I can't make sense of that

sorry its theta=45 degrees for both questions

To determine whether the electron will strike one of the plates or leave the space between the plates, we need to analyze the motion of the electron in the electric field.

Let's break down the problem:

A. Initial conditions:
- Electric field magnitude: E = 3.00 × 10^3 N/C (pointing upward)
- Plate length: L = 4 cm (or 0.04 m)
- Plate separation: d = 2.00 cm (or 0.02 m)
- Initial velocity magnitude: v0 = 6.93 × 10^6 m/s
- Initial angle: φ = 45° (with respect to the lower plate)

We can start by calculating the acceleration experienced by the electron due to the electric field. The electric force on the electron is given by:

F = q * E

where q is the charge of the electron. Since an electron has a negative charge (e = -1.6 × 10^-19 C), the force will be downward. Therefore, we need to consider the magnitude of the electric field:

F = q * |E|

The mass of an electron is m = 9.11 × 10^-31 kg. We can calculate the acceleration (a) using Newton's second law:

a = F / m

Plugging in the values:

a = (q * |E|) / m

Now we can calculate the acceleration magnitude:

a = (e * |E|) / m

Next, we need to determine the time it takes for the electron to travel between the plates. Assuming the motion is purely horizontal (as the electric field is vertical), we can use kinematic equations.

The horizontal distance traveled (x) can be calculated using the equation:

x = v0 * t

where t is the time.

To find t, we need to determine the time it takes to travel the vertical distance (y) between the plates. Using the equation:

y = 0.5 * a * t^2

and since the initial vertical velocity (v0y) is 0 (as the initial angle is with respect to the horizontal):

y = 0.5 * a * t^2

We can solve this equation for t:

t = sqrt((2 * y) / a)

If the time t is greater than time taken for the electron to move horizontally, the electron will strike one of the plates. Otherwise, it will leave the space between the plates.

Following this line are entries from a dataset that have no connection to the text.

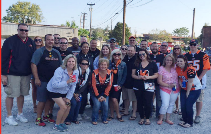
TAILGATERS POSE FOR A QUICK PHOTO BEFORE THE BENGALS GAME

On Sunday, September 25, GDCG, along with trade partner AllServ, traveled with agents and adjusters to Paul Brown Stadium to cheer on the Bengals during the team's season home-opener.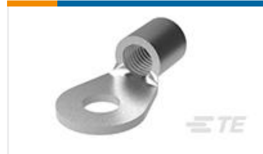
TE Part #36923 TERMINAL,SOLIS R 2/0 3/8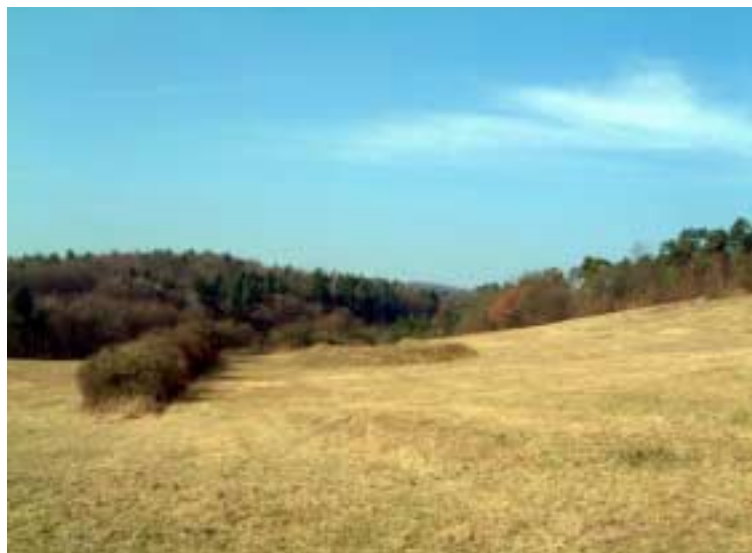
This is the place of the zeroing range.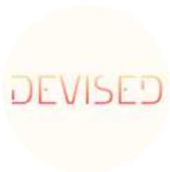
Devised Sales Agents Spain, Latin America info@devised.tv

Albatross World Sales Chopinstrasse 8 - 04103 Leipzig, Germany Tel: +49 (0)341 4428 2450 Email: info@albatrossworldsales.com www.albatrossworldsales.com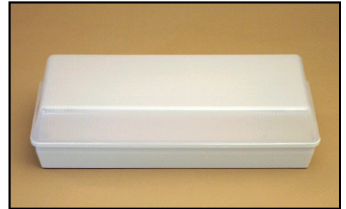
Surface Mounted Fittings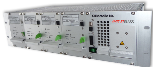
Electronics are housed in a single rack-mount console.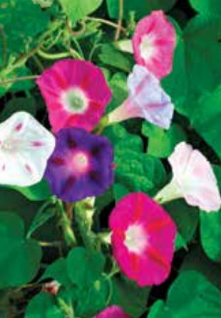
Morning Glory Mix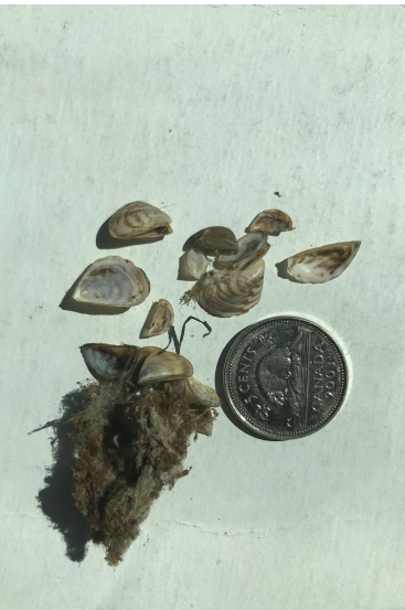
Government of Alberta

Dreissena bugensis (Andrusov, 1897) syn. Dreissena rostriformis bugensis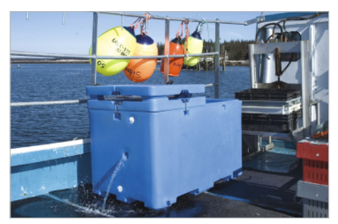
Three levels of drains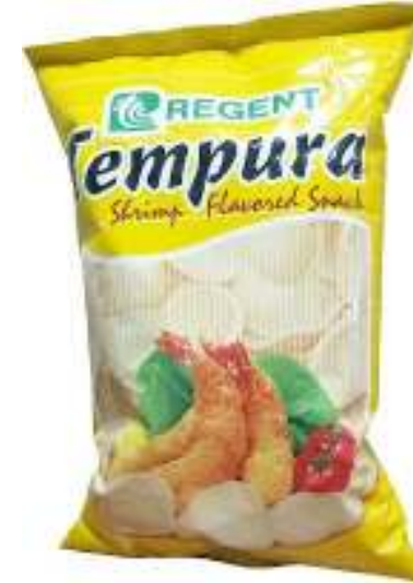
REGENT TEMPURA (SHRIMP FLAVOR)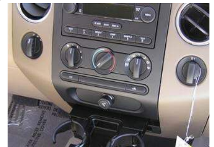
F-150 Without Console

STEP#3: With 9/32" socket driver remove the (2) screws that hold the right side of the radio in place. Place the InDash by PanaVise Mount Bottom Piece over the (2) screw holes. Reinstall the (2) screws. Install the top piece with the 75001 number on top with the (2) Acorn nuts using a 5/16" wrench.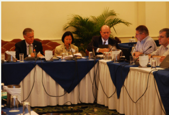
IUFRO Board Meeting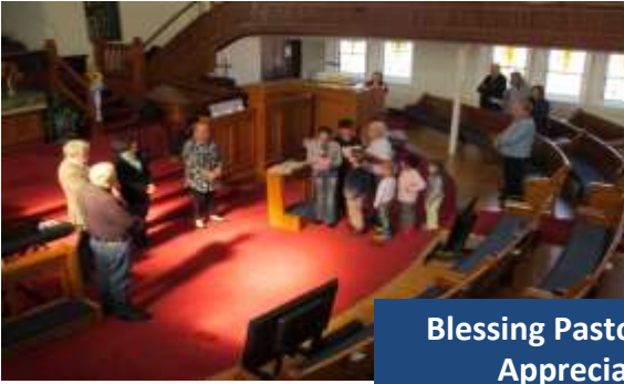
Blessing Pastors during Pastor Appreciation Month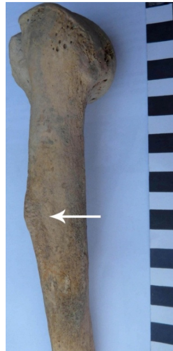
Figure 8. Deltoid muscle attachments on a humerus; robusticity score 3.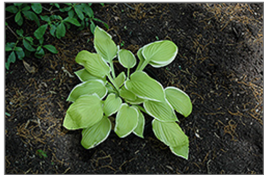
St. Elmo's Fire Hosta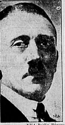
Adolph Hitler, head of the German Fascist party, is the man of the hour in Germany today as a result of the general elections, which gave his party 107 seats in the Reichstag.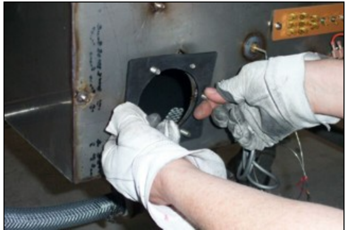
Removing the gasket

7. With the thermostat probe out of the way, use the 1/2" socket and ratchet to remove the nuts holding the heater to the tub. Remove all nuts and lockwashers.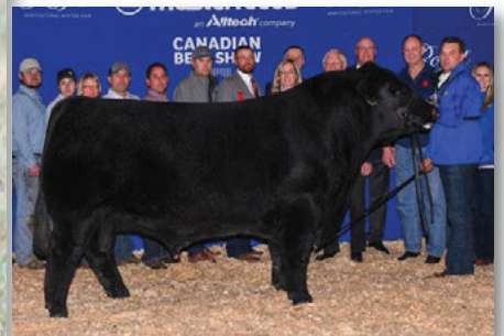
MICH Wheatland Hicaliber 7197E - Service Sire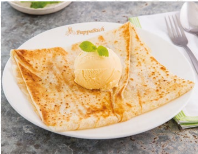
C15. Roti Banana with Vanilla Ice Cream $16 90 印度香蕉抛饼 + 香草冰淇淋 MUST TRY A sweet Roti dish with sliced banana cooked inside the dough.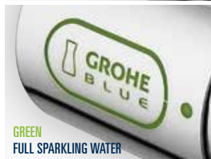
GREEN FULL SPARKLING WATER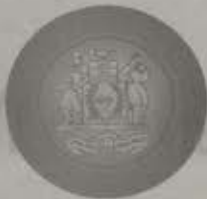
NC A&T Receives Grant to Curb Smoking

Student smoking has become such a major issue at North Carolina A&T University that the school has received an $80,000 grant from the North Carolina Health and Wellness Trust Fund to help curb the growing trend. The initiative was created through research conducted by the dean of A&T's nursing school along with the dean of nursing education. The program will be led by student leaders who will promote to the general student body the program's two main goals: to promote greater smoking awareness and to bring about change to university policies regarding smoking.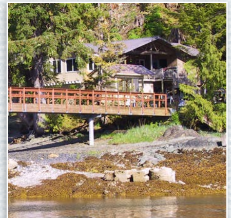
Old float house revamped outside of Ketchikan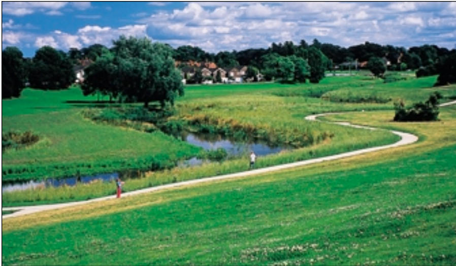
Concrete footpath and meanders

COST – Concrete path £55k, Bitmac path £43k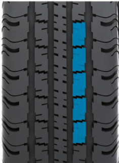
Low noise — precise spacing and angle block design.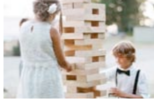
JENGA 1 Available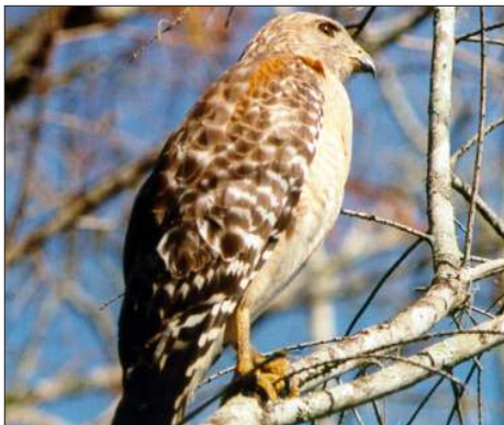
Red-shouldered hawk surveying the area for its next meal.

Look east to see a sawgrass prairie, with a cypress strand visible beyond. The sawgrass is a dominant prairie species, but ironically it is not grass, it is sedge. Prairies are flooded for less time out of the year, on average, than the slightly lower regions which have cypress trees. Every inch of elevation change counts in the Preserve. These open regions are often good spots to search for raptors, birds of prey that tend to perch in prominent locations such as atop standing dead trees. Drive another mile for a second sawgrass prairie.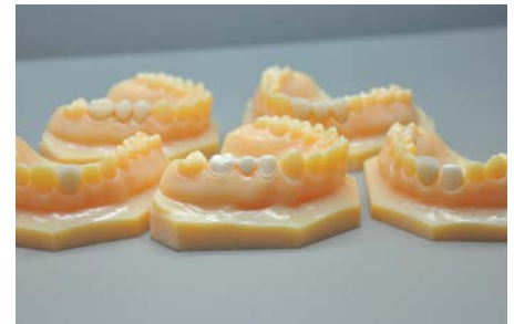
The Objet Eden260V 3D Printer helped eliminate fit issues and patient discomfort caused by inaccuracies in restorations.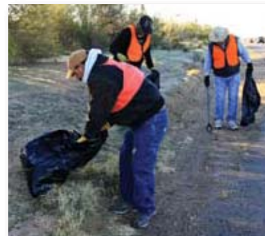
Volunteers at Work

To find the horizontal distance from the left edge of the lower plate, we can substitute the value of t into the equation:

x = v0 * t

We can now perform this analysis for both parts of the problem:

A. For the given initial conditions:

- Calculate acceleration: Calculate a using a = (e * |E|) / m
- Calculate time to travel vertically: t = sqrt((2 * y) / a)
- Calculate horizontal distance: x = v0 * t
- If x is greater than L (0.04 m), the electron strikes one of the plates. Otherwise, record the vertical position as the answer.

B. Repeat the same steps for the given initial conditions in part B.

By calculating the above values and comparing them to the given conditions, we can determine whether the electrons will strike the plates or leave the space between them.